A
a24900
My boss just told me a concept I didn't know. (I am middle level Java
programmer.) -- "code review".
How did you manage to become a programmer without knowing that? A NASA
study from 1987 (yes, the idea is old and established) found that one
finds twice as much faults this way compared to testing. Other, later
sources have found an advantage of 20:1 or 33:1 in time spend on
finding and fixing faults ( which might be exaggerated).
According to what I heard, "code review" is somebody reads the thousands
lines of code written by other person
There is a difference between a code-monkey and a real programmer.
The average amount of code a real programmer writes is in the hundreds
of lines per month. That is average, and assumes thorough research of
the problem to solve, thought-out hand-written code, and code
documentation in an non-trivial field of work in a corporate
environment. I am not talking about endless copy-paste junk. It
further assumes tests are counted separately.
errors (logic errors, I guess, since the code at least can be compiled
and run).
Or, like, for example, multi threading errors? Potential performance
or scaling problems? Potential access right problems? Potential
deployment problems? Resource conflict problems?
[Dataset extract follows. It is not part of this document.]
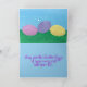 Pretty and colorful Easter Eggs in the grass, with a blue sky in the background, with the words, Happy Easter, written across the sky in purple, are printed on custom greeting cards. The eggs are pink, purple, and yellow, each one is a specific color with various blends of that color on the egg. The inside verse says, May colorful Easter Eggs of happiness roll into your life. The text can easily be easily customized on the template forms. Thank you for shopping at CherylsArt on Zazzle.

And of course the biggies, too. Like misunderstanding or
misinterpreting of specification. Plus the human component, e,g,
weeding out slackers who didn't report their progress accurately, and
are of course behind schedule. Or fakers who can't code at all but got
the job with a faked CV.
I feel this is crazy!!!
Programmers who don't want that other programmers look at their code
usually have something to hide. Real programmers typically like to
show their code to demonstrate their competence and get
acknowledgments from their peers.
Since the reviewer has to "read" the original
code author's mind
No, the reviewer has to read the specification.
and make sure the code does what the author wants
No, makes sure the code does what the specification says.
and no hidden surprises! How this could be possible?! This would be
extremely time consuming and nobody knows better about the code than the
author.
If the author is the only one capable of understanding and handling
the code then the code has no long-term value. If the code is
unreadable or incomprehensible for others, it has a major fault, it is
unmaintainable. Code reviews are already valuable if all they could do
was to guard against unmaintainable code.
My boss says this is very common practice in software engineer development.
Your boss has a clue. A rare event in some corporate environments.
Consider listen to him, there are much worse bosses out there.